→ The data:
•••

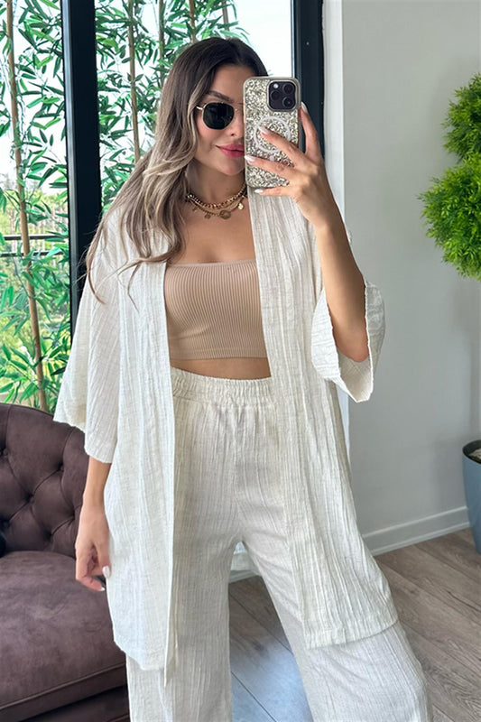 3 AL 2 ÖDESoary krem kimonolu bohem takım
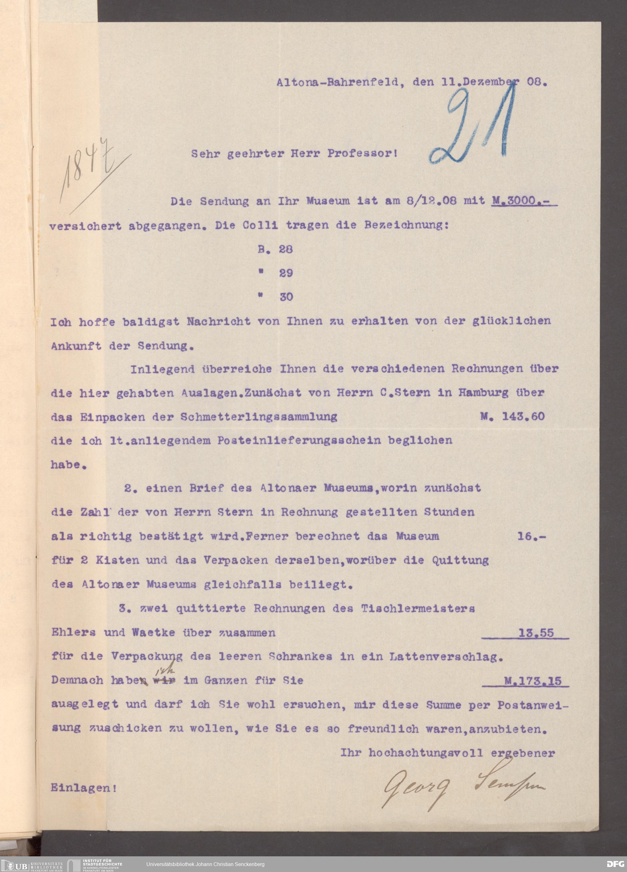 V176 Senckenberg Gesellschaft für Naturforschung, 131 - Ankauf und Tausch zoologischer Exponate, Bd. 2
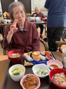 🍰ケーキ🎂だけでなく🍣お寿司🐟でもお祝いしました。

•••

→ Task goal: Without the pictures, repeat the listing exactly as it reads.

→ Result below:
 3 AL 2 ÖDESoary krem kimonolu bohem takım
 V176 Senckenberg Gesellschaft für Naturforschung, 131 - Ankauf und Tausch zoologischer Exponate, Bd. 2
 🍰ケーキ🎂だけでなく🍣お寿司🐟でもお祝いしました。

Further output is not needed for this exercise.